[Entries taken from a collection]
◆ ◆ ◆ ◆ ◆
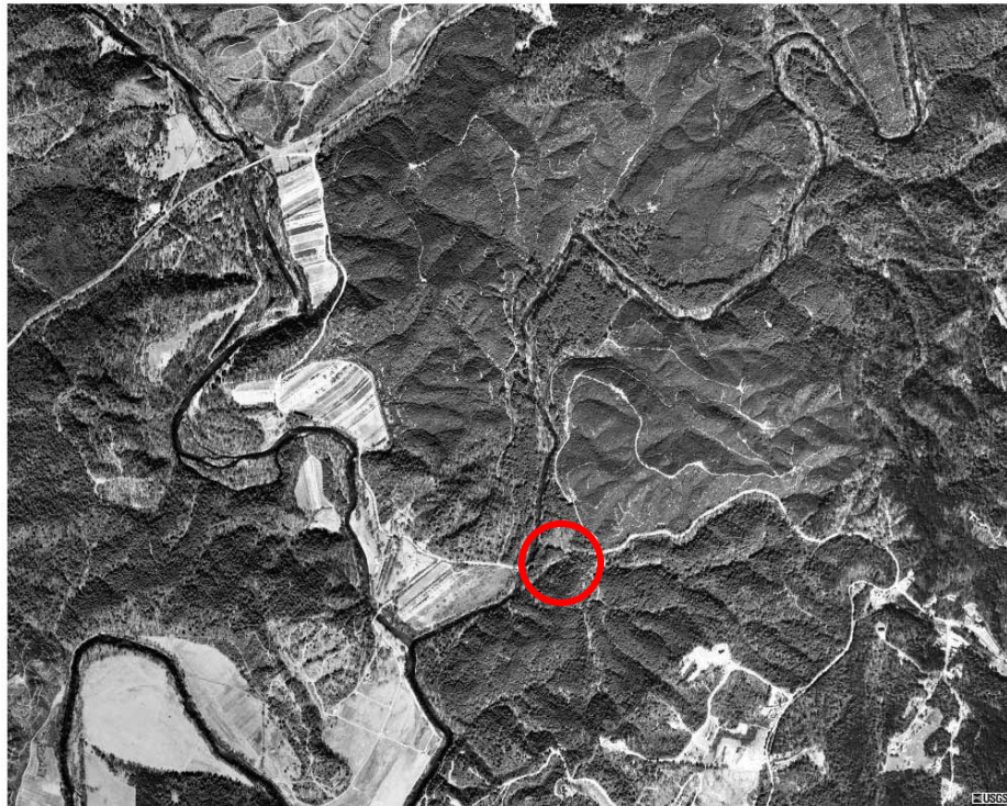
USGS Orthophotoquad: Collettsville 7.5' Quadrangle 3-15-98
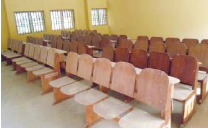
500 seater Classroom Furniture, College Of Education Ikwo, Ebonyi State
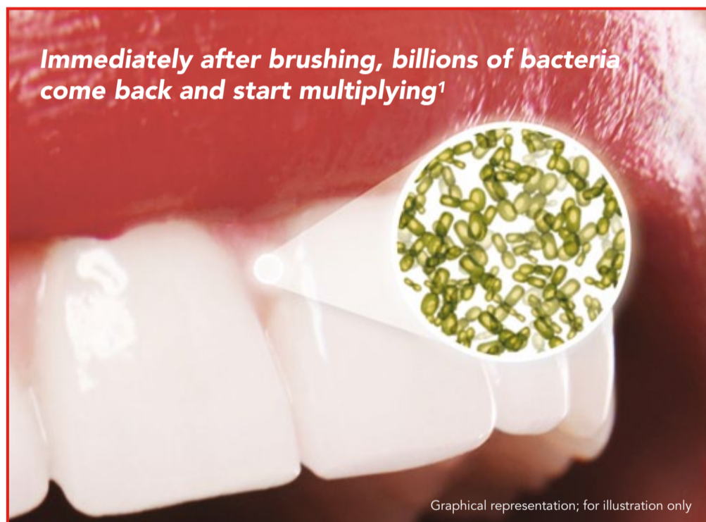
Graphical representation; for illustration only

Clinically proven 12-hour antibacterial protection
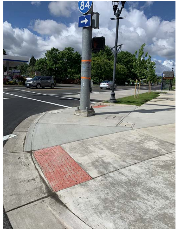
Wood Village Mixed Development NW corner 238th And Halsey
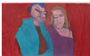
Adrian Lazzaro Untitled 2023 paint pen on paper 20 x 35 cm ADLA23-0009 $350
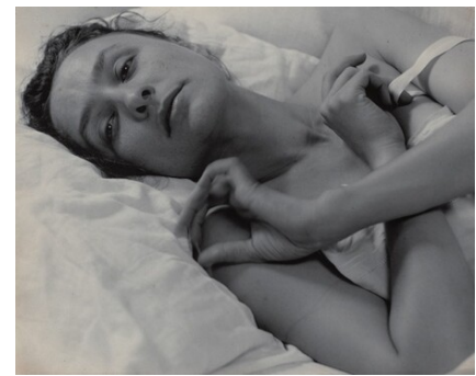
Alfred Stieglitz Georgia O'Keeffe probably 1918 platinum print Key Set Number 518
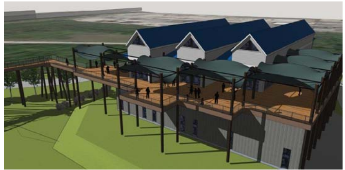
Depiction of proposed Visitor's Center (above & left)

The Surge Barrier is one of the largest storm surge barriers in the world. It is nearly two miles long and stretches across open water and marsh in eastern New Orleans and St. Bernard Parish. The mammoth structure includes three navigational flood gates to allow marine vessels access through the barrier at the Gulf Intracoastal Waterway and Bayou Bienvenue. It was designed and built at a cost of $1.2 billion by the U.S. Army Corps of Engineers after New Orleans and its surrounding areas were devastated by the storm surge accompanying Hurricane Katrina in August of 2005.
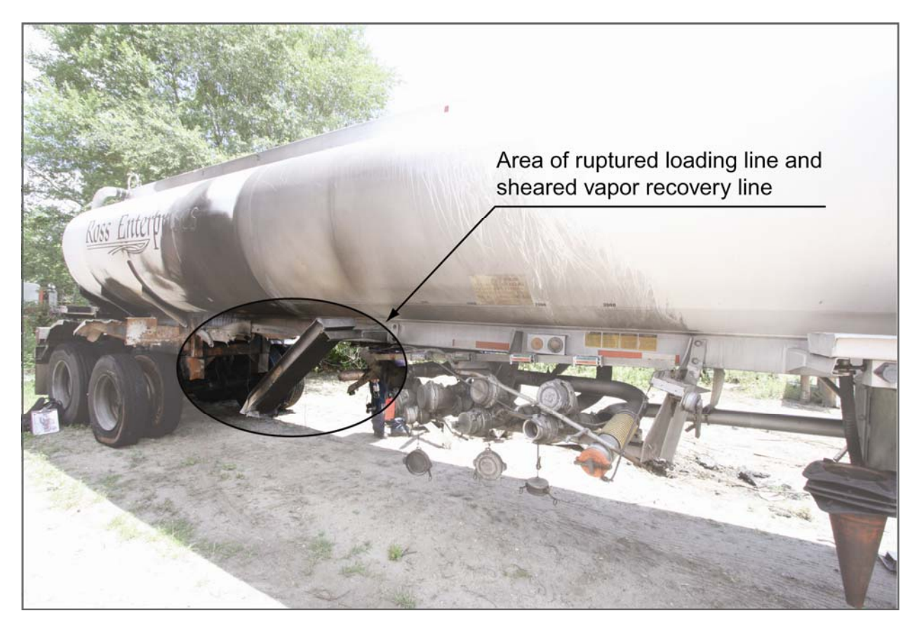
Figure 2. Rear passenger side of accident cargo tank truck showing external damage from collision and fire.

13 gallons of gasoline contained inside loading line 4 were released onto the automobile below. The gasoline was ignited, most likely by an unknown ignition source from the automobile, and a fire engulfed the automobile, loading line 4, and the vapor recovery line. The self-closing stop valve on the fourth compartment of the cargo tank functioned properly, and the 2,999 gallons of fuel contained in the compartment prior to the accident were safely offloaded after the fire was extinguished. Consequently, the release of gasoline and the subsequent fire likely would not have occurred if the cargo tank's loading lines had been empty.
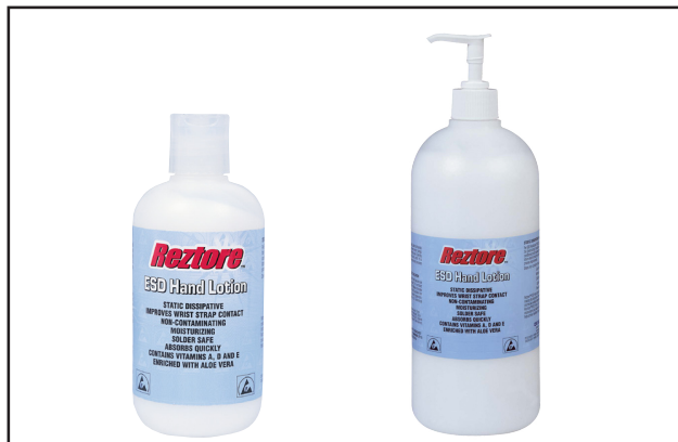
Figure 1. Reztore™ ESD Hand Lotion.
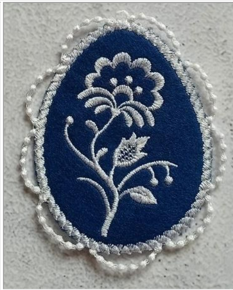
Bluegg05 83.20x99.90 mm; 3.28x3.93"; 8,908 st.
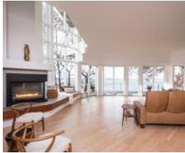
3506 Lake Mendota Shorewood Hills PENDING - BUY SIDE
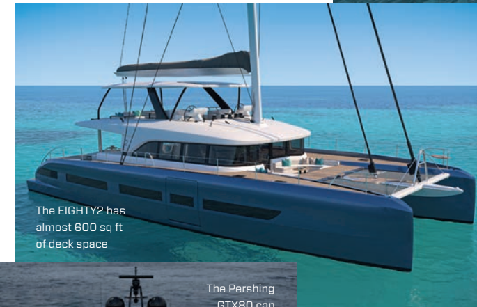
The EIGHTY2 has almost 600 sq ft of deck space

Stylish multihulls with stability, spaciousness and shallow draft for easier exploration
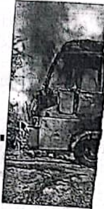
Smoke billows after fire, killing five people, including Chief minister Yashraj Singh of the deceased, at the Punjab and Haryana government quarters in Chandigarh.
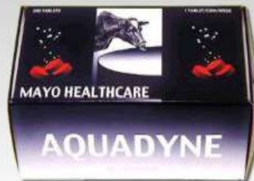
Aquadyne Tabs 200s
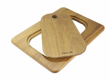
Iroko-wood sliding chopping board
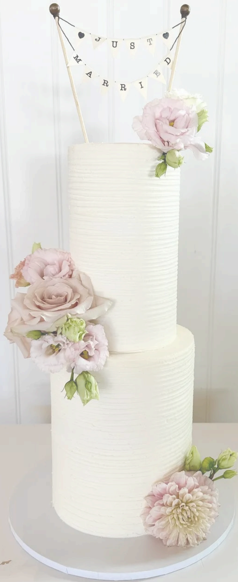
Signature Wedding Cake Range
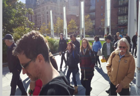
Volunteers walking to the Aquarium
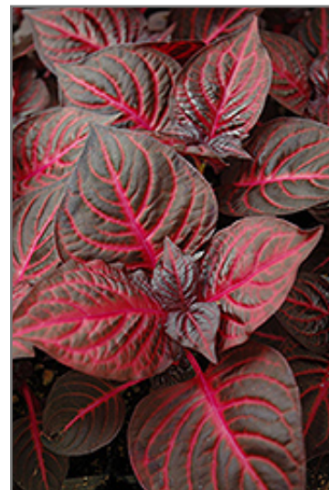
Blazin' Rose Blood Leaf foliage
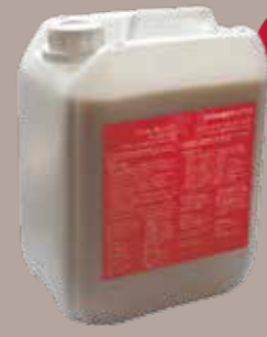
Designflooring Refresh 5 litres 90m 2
◆ ◆ ◆ ◆ ◆
**Task objective**:
Treating the line with "Adrian Lazzaro Untitled" as the last line to include, retype the records exactly from their first line, excluding pictures.

**Completed exercise**:
USGS Orthophotoquad: Collettsville 7.5' Quadrangle 3-15-98
500 seater Classroom Furniture, College Of Education Ikwo, Ebonyi State
Graphical representation; for illustration only

Clinically proven 12-hour antibacterial protection
Wood Village Mixed Development NW corner 238th And Halsey
Adrian Lazzaro Untitled 2023 paint pen on paper 20 x 35 cm ADLA23-0009 $350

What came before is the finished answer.